At first glance it may seem that the greater the probability p, the better the consistency of the theoretical and statistical distributions and the more justified the choice of function as a law of the distribution of a random variable. In fact, it is not. Assume, for example, that, evaluating the agreement of the theoretical and statistical distribution by the criterion , we got . This means that with a probability of 0.99 due to purely random reasons, with a given number of experiments, the discrepancies should be larger than the observed ones. We have received relatively very small discrepancies that are too small to recognize them as plausible. It is more reasonable to recognize that such a close coincidence of the theoretical and statistical distributions is not accidental and can be explained by certain reasons related to the registration and processing of experimental data (in particular, the “cleanup” of experimental data that is very common in practice, when some results are randomly discarded or several vary).
Of course, all these considerations are applicable only in cases where the number of experiments is large enough (of the order of a few hundred) and when it makes sense to apply the criterion itself, based on the limiting distribution of the measure of discrepancy when . Note that when using the criterion not only the total number of experiments should be large enough but the numbers of observations in separate ranks. In practice, it is recommended to have at least 5 to 10 observations in each digit. If the number of observations in individual bits is very small (of the order of 1 - 2), it makes sense to combine some bits.
Example 1. Check consistency of theoretical and statistical distributions for example 1 .
Decision. Using the theoretical normal distribution law with parameters
,
find the probability of falling into the ranks by the formula
,
Where - boundaries th discharge.
Then we make a comparative table of numbers of hits in the bits. and corresponding values .
–4; –3 | –3; –2 | –2; –1 | –1; 0 | 0; 1 | 1; 2 | 2; 3 | 3; 4 | |
6 | 25 | 72 | 133 | 120 | 88 | 46 | ten | |
6.2 | 26.2 | 71.2 | 122, | 131,8 | 90.5 | 38.5 | 10.5 |
According to the formula (7.6.4) determine the value of the measure of discrepancy
We determine the number of degrees of freedom as the number of digits minus the number of superimposed bonds. (in this case ):
.
According to the table. 4 applications we find for :
at
at .
Therefore, the desired probability at approximately equal to 0.56.This probability is not small; therefore, the hypothesis that the value is distributed according to the normal law can be considered plausible.
Example 2. Check the consistency of the theoretical and statistical distributions for the conditions of example 2 7.5.

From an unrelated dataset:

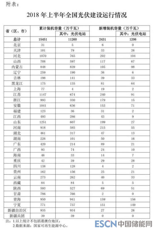 截至2018年6月底,全國光伏發(fā)電裝機容量達到15451萬千瓦,其中,光伏電站11260萬千瓦,分布式光伏4190.3萬千瓦。上半年光伏發(fā)電量823.9億千瓦時,同比增長59%;棄光率3.6%,同比下降3.2個百分點。棄光主要集中在新疆和甘肅,其中,新疆(不含兵團)棄光電量13.5億千瓦時,棄光率20%,同比下降6.1個百分點;甘肅棄光電量5.9億千瓦時,棄光率11%,同比下降11個百分點。

Decision. Meanings we calculate as probabilities of hitting the sections (20; 30). (30; 40), etc. for a random variable distributed according to the law of uniform density on a segment (23.6; 96.6). We make a comparative table of values and :
By the formula (7.6.4) we find :
The number of degrees of freedom:
According to the table. 4 applications we have:
at and .
Consequently, the discrepancy observed by us between the theoretical and statistical distributions could appear for purely random reasons only with probability. .Since this probability is very small, it should be recognized that the experimental data contradict the hypothesis that the value is distributed according to the law of uniform density.

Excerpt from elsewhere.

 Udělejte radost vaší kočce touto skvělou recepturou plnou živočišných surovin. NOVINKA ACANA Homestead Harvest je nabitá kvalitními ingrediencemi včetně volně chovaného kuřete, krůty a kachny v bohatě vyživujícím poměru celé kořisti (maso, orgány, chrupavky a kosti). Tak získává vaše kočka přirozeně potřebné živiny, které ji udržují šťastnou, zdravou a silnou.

In addition to the criterion , a number of other criteria are used in practice to assess the degree of consistency of the theoretical and statistical distributions. Of these, we briefly discuss the criteria of A.N. Kolmogorov.
As a measure of the discrepancy between the theoretical and statistical distributions, A.N. Kolmogorov considers the maximum modulus of the difference between the statistical distribution function and the corresponding theoretical distribution function:
.
The basis for choosing as a measure of the divergence of the value is the simplicity of its calculation. At the same time, it has a fairly simple distribution law. A. N. Kolmogorov proved that, whatever the distribution function of a continuous random variable , with an unlimited increase in the number of independent observations probability of inequality
tends to the limit
(7.6.5)
The probability values calculated by the formula are given in table 7.6.1.

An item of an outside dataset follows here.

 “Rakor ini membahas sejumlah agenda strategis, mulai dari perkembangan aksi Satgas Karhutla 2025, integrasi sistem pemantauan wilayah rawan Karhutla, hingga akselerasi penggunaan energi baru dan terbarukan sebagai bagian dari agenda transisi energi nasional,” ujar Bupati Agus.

The scheme of application of the criterion A.N. Kolmogorov is as follows: a statistical distribution function and an estimated theoretical distribution function are constructed , and the maximum modulus of the difference between them is determined (Fig. 7.6.2).
Further, the determined value
and table 7.6.1 is the probability .This is the probability that (if the value is indeed distributed according to the law ) due to purely random reasons, the maximum discrepancy between and will be no less than actually observed. If the probability very small, the hypothesis should be rejected as implausible; at relatively large, it can be considered compatible with the experimental data.
Fig. 7.6.2
Criterion A.N. Kolmogorov its simplicity favorably with the previously described criterion ;therefore, it is very readily applied in practice. However, it should be stipulated that this criterion can be applied only in the case when the hypothetical distribution is completely known in advance from any theoretical considerations, i.e. when not only the type of distribution function is known , but also all parameters included in it. Such a case is relatively rare in practice. Usually, from theoretical considerations, only the general form of the function is known , and the numerical parameters included in it are determined from the given statistical material. When applying the criterion, this circumstance is taken into account by a corresponding decrease in the number of degrees of freedom of distribution. .Criterion A.N. Kolmogorov does not provide for such an agreement. If, however, this criterion is applied in cases where the parameters of the theoretical distribution are selected from statistical data, the criterion gives obviously high values of probability ; therefore, in some cases, we risk accepting as a plausible hypothesis, in reality, which does not agree well with experimental data.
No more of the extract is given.